▶ **Instructions to follow**
Pictures do not belong in the copy; print every entry exactly as it stands.
::::::
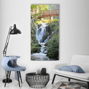 A wooden lattice bridge crosses a cascading waterfall, framed by mossy rocks and lush foliage. The scene feels serene and refreshing, rendered in greens, blues, browns, and whites with a rustic, natural mood. Suits nature-inspired or rustic rooms as calm wall decor.
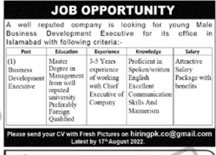 Jobs in Well Reputed Company announce the Contract career opportunities for the post of See Below Ad in Federal, Islamabad for the fresh and experienced candidates on Contract basis who have Check Advertisement degree. Posted date of this post is 01/08/2022 and the last date is 17/08/2022. if you are eligible for this job apply before due date.
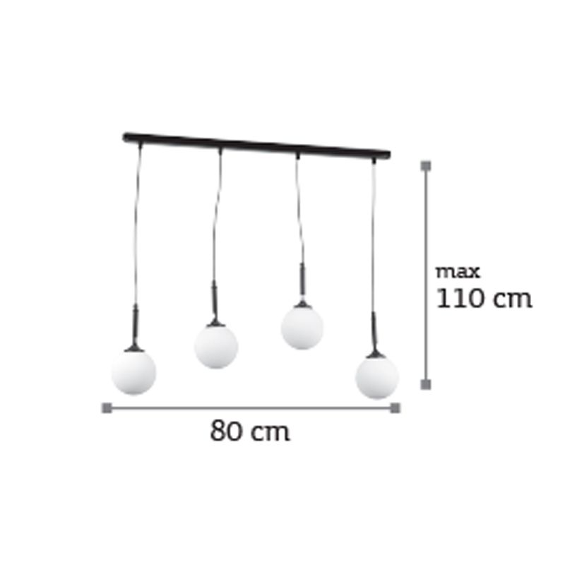InLight Κρεμαστό φωτιστικό από μαύρο μέταλλο και λευκή οπαλίνα 4XG9 D:80cm 4514-4 ΡΑΓΑ
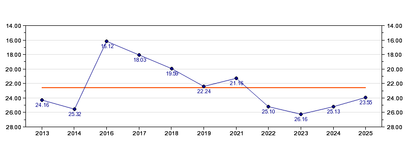 | 04.11.2019 | 24.11 | 24.11.2019 | 25.35 | 02.12.2019 | 25.40 | 09.12.2019 | 25.29 | 30.12.2019 | 27.38 | 16.01.2020 | 25.03 |
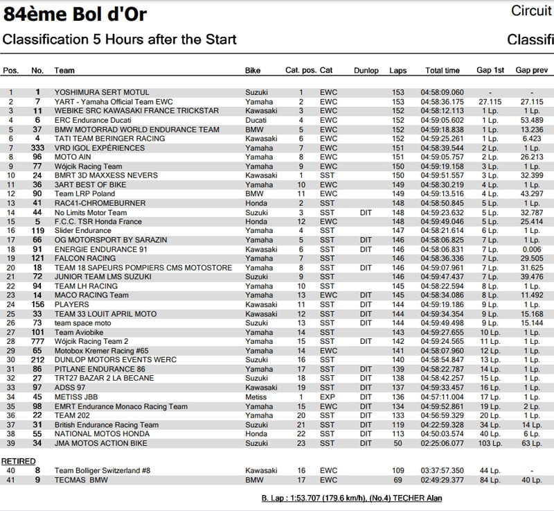 BMW Motorrad World Endurance Team souffrait de vibrations en début de course, ce qui contraint l’équipe à un arrêt prématuré. La M1000RR #37 poursuit donc sa lente remontée grâce à un Kenny Foray en jambe. Alan Techer, pourtant blessé, parvient à améliorer le record du tour (1’23’’707) pour Tati Team Beringer Racing, en sixième position.
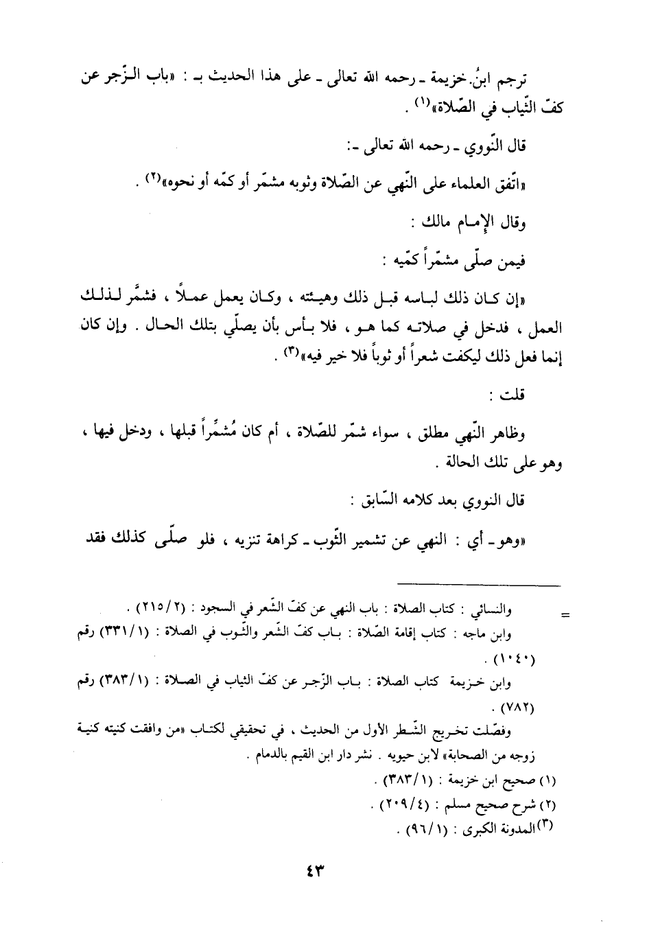 قال النووي ـ رحمه الله تعالى ـ ((اتّفق العلماء على النّهي عن الصّلاة وثوبه مشمّر أو كمّه أو نحوه)) (¬2)
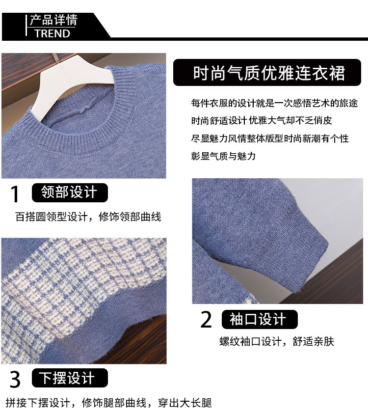 >> 實拍新款大碼女裝微胖mm圓領套頭毛衣裙寬鬆中長款洋氣針織連衣裙
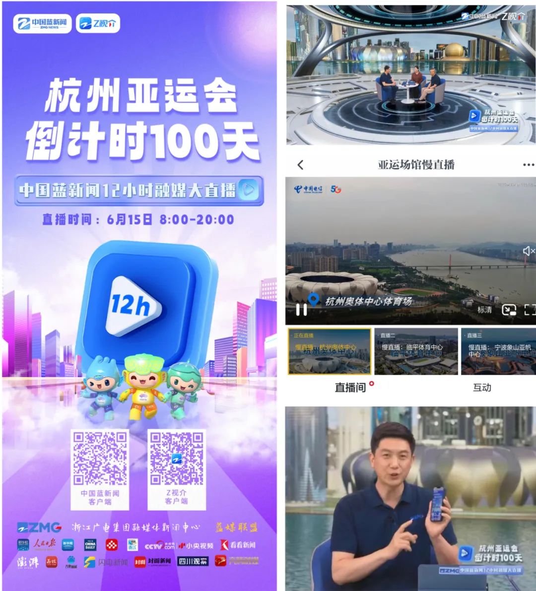 ZMG携手“全国热点新闻直播联盟”及“蓝媒联盟”融合传播协作体,通过融媒大直播、新媒体产品、线上线下活动、中国蓝名嘴评论等,持续打造高质量迎亚运精品内容。同时,拓宽传播渠道,加强精准分发,提升亚运报道影响力。
::::::
▶ **Exercise solution**
 A wooden lattice bridge crosses a cascading waterfall, framed by mossy rocks and lush foliage. The scene feels serene and refreshing, rendered in greens, blues, browns, and whites with a rustic, natural mood. Suits nature-inspired or rustic rooms as calm wall decor.
 Jobs in Well Reputed Company announce the Contract career opportunities for the post of See Below Ad in Federal, Islamabad for the fresh and experienced candidates on Contract basis who have Check Advertisement degree. Posted date of this post is 01/08/2022 and the last date is 17/08/2022. if you are eligible for this job apply before due date.
InLight Κρεμαστό φωτιστικό από μαύρο μέταλλο και λευκή οπαλίνα 4XG9 D:80cm 4514-4 ΡΑΓΑ
 | 04.11.2019 | 24.11 | 24.11.2019 | 25.35 | 02.12.2019 | 25.40 | 09.12.2019 | 25.29 | 30.12.2019 | 27.38 | 16.01.2020 | 25.03 |
 BMW Motorrad World Endurance Team souffrait de vibrations en début de course, ce qui contraint l’équipe à un arrêt prématuré. La M1000RR #37 poursuit donc sa lente remontée grâce à un Kenny Foray en jambe. Alan Techer, pourtant blessé, parvient à améliorer le record du tour (1’23’’707) pour Tati Team Beringer Racing, en sixième position.
 قال النووي ـ رحمه الله تعالى ـ ((اتّفق العلماء على النّهي عن الصّلاة وثوبه مشمّر أو كمّه أو نحوه)) (¬2)
 >> 實拍新款大碼女裝微胖mm圓領套頭毛衣裙寬鬆中長款洋氣針織連衣裙
 ZMG携手“全国热点新闻直播联盟”及“蓝媒联盟”融合传播协作体,通过融媒大直播、新媒体产品、线上线下活动、中国蓝名嘴评论等,持续打造高质量迎亚运精品内容。同时,拓宽传播渠道,加强精准分发,提升亚运报道影响力。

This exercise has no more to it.